Jailed Cameroonian journalist begins hunger strike

Cameroon journalist Emmanuel Mbombog Mbog Matip was arrested in August 2020, before being brought before a military court, where he was charged with “propagation of false news” according to the Committee to Protect Journalists. © Emmanuel Mbombog Mbog Matip/Facebook

Matip is the director of Climat Social daily in Cameroon, a newspaper which posts political commentary on Facebook.

According to the New York-based watchdog Committee to Protect Journalists (CPJ), Matip was picked up by six armed men in plain clothes and held at the State Secretariat for Defense until 7 September.

Matip was then brought in front of a military court judge who charged him with “propagation of false news” and ordered his detention in Kondengui Central Prison in Yaoundé until 7 March, 2021.

His release date came and went and he is still in prison, with no update on his case.

“Cameroonian authorities should immediately release journalist Emmanuel Mbombog Mbog Matip and cease the outrageous use of military courts to prosecute the press,” said Angela Quintal, CPJ’s Africa program coordinator.

Support for Biya

Matip wrote a letter to President Paul Biya where he spelled out that he has a disability. His feet were amputated after a traffic accident and he is the president of the National League for Defense of the Rights of Disadvantaged People, said à Dang, who showed the letter to CPJ.

A Dang said that Matip stopped publishing Climat Social in 2019 due to lack of funding, but had continued reporting mainly on his personal Facebook page.

The reporting he had done in the months before his arrest expressed support for Biya, according to posts reviewed by CPJ.

Matip had been investigating an alleged coup attempt involving Colonel Joël Émile Bamkoui, commander of Cameroon’s Division of Military Security and other senior officials.

'One of the worst jailers of journalists'

A Dang told CPJ that Matip had denounced this on local radio broadcasts, but the media watchdog was unable to verify the recordings. He added that Matip wanted to alert Biya to the coup attempt via an audio message.

“The CamerounWeb news report stated that the individual was an informant for Bamkoui, and that reaching out to them may have contributed to the journalist’s arrest,” according to CPJ.
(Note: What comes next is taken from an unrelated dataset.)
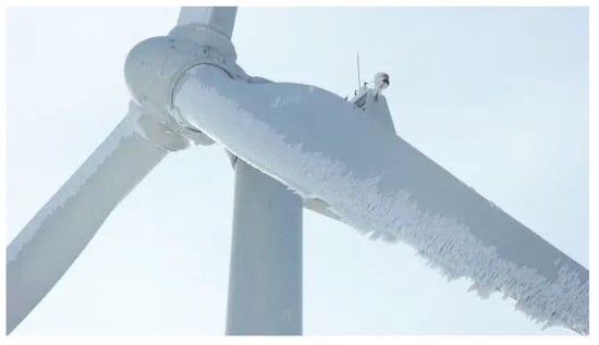 As a clean and efficient renewable energy source, wind energy continues to account for an increasing share in the global energy mix [1,2]. Due to the superior wind speed conditions in mountain, ridge, and high-altitude areas, the site selection of wind farms is often concentrated in these areas [3,4]. However, due to the influence of micro-topography and meteorological conditions, especially in winter, extreme weather phenomena such as frost, rime, and cold wave occur frequently, resulting in increasingly serious wind turbine blade icing problems [5,6,7,8,9], as shown in Figure 1. Ice adhesion not only changes the geometric profile of the blade, leading to deterioration of aerodynamic performance and reduction of output power [10], but also may lead to structural imbalance and safety risks [11,12,13].

Both à Dang and CamerounWeb said that Bamkoui beat and threatened Matip while he was at the State Secretariat for Defense, and that the journalist had the wounds to prove it.

This is not the first time a Cameroonian journalist has been put through military courts, nor the first reports of beatings. In 2020, 300 days after police in Buea held popular pidgin journalist Wazizi incommunicado, his alleged torture and death was announced in Cameroonian media.

Wazizi had also been put through a military trial, and was held at Kondengui Central Prison in Yaoundé, the same prison as Matip. The military finally admitted in 2020 that Wazizi had been killed in August 2019.

“The fact that Cameroon remains one of the worst jailers of journalists in Africa is a grave indicator of the broader conditions for the media there,” said CPJ Africa program coordinator Quintal.